#### Exercise:
In the entries below, begin at the line with "ウィーン・マルガレーテの描き" and stop after the line with "湘绣手工刺绣双面绣卧室书房桌台面圆屏摆件新中式艺术礼品热门设计联盟服务商"; output those lines exactly and omit the pictures.

#### Supplied records:
****************************************

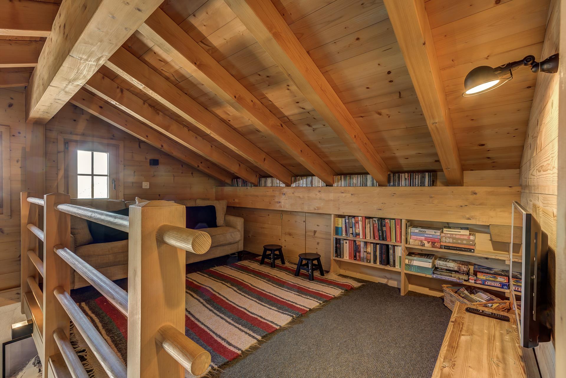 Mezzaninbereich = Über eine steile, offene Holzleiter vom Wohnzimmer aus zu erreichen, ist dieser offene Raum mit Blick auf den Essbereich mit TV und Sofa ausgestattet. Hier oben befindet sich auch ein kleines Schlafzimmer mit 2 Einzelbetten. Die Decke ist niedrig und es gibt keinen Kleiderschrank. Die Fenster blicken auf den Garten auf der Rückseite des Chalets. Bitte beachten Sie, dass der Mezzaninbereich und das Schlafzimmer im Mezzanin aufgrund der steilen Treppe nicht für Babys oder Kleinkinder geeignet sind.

****************************************

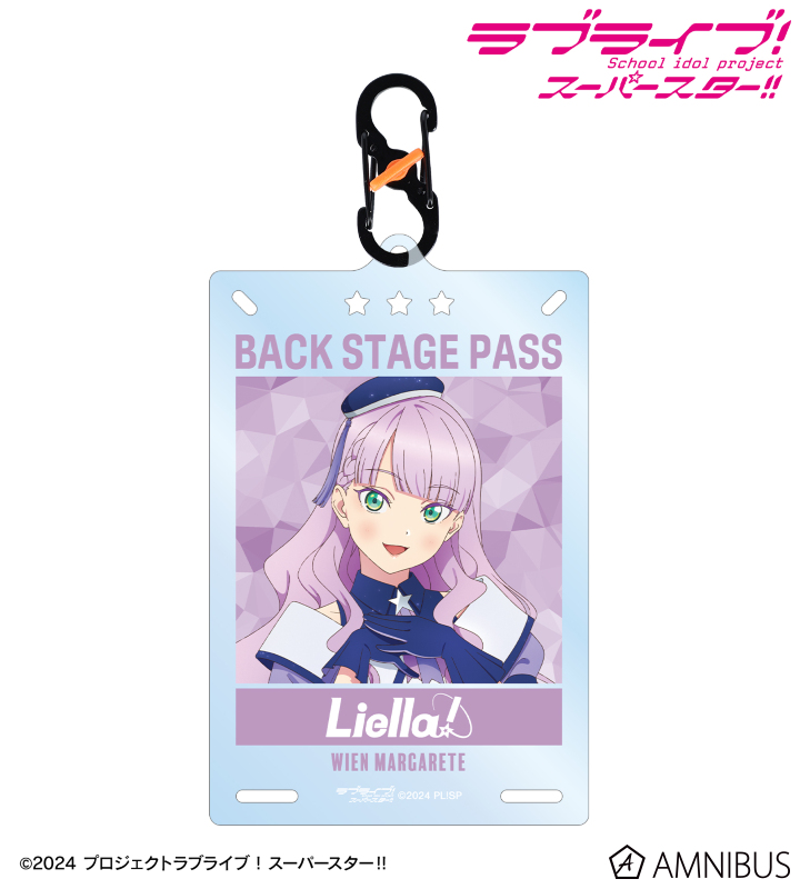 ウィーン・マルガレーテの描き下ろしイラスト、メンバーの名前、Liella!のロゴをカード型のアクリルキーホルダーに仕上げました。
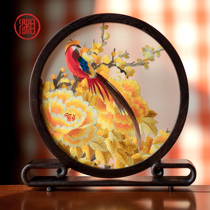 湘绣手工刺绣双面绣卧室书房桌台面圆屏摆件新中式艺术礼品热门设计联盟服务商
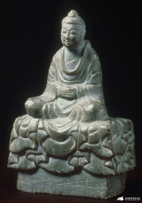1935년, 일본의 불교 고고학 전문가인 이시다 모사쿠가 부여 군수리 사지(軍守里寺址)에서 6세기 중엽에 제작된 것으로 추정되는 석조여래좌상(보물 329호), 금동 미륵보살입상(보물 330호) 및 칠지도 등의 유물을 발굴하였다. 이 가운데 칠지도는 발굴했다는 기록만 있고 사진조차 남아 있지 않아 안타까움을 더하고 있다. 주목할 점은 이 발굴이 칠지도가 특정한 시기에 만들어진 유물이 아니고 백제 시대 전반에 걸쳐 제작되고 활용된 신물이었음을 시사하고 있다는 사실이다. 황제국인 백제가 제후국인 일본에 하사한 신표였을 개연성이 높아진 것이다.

****************************************

#### Answer to the exercise:
 ウィーン・マルガレーテの描き下ろしイラスト、メンバーの名前、Liella!のロゴをカード型のアクリルキーホルダーに仕上げました。
 湘绣手工刺绣双面绣卧室书房桌台面圆屏摆件新中式艺术礼品热门设计联盟服务商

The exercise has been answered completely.